▸ **DATA BLOCK**
○ ○ ○ ○ ○

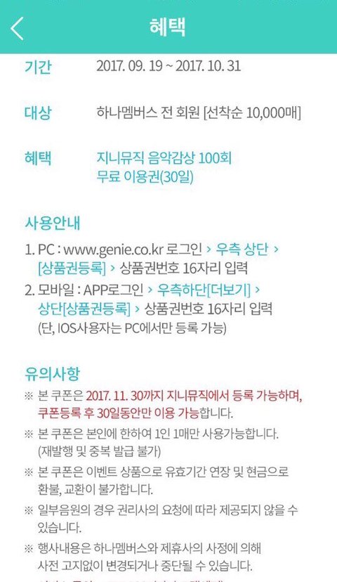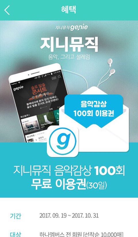 ㅎㄴㅁㅂㅅ 가입시 선착순 10000명에게 음악감상 100회 무료이용권을 준다고 합니다!! 컴백 대비해서 모아주세요 10월 10일부터 사용 부탁드립니다
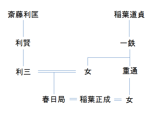 稲葉一鉄という新たな人物が登場した。系図に表すなら次のようになろうか。どうも様々な説があるようで、よく分からないのだが、今回調べた限りの結論がこれだ。
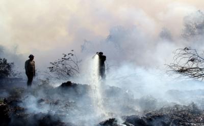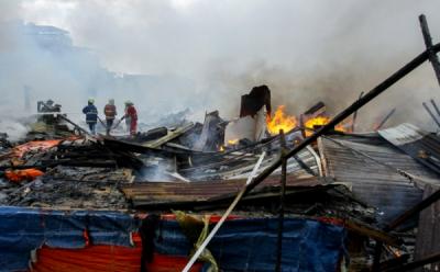 Petugas Damkar Padamkan Api yang Membakar Pasar Cik Puan Pekanbaru Riau

○ ○ ○ ○ ○

▸ **THE PROBLEM**
Print once more, exactly, the lines from the one with "稲葉一鉄という新たな人物が登" through the last line of the data, both ends included, without any pictures.

▸ **ANSWER TO THIS EXERCISE**
 稲葉一鉄という新たな人物が登場した。系図に表すなら次のようになろうか。どうも様々な説があるようで、よく分からないのだが、今回調べた限りの結論がこれだ。
 Petugas Damkar Padamkan Api yang Membakar Pasar Cik Puan Pekanbaru Riau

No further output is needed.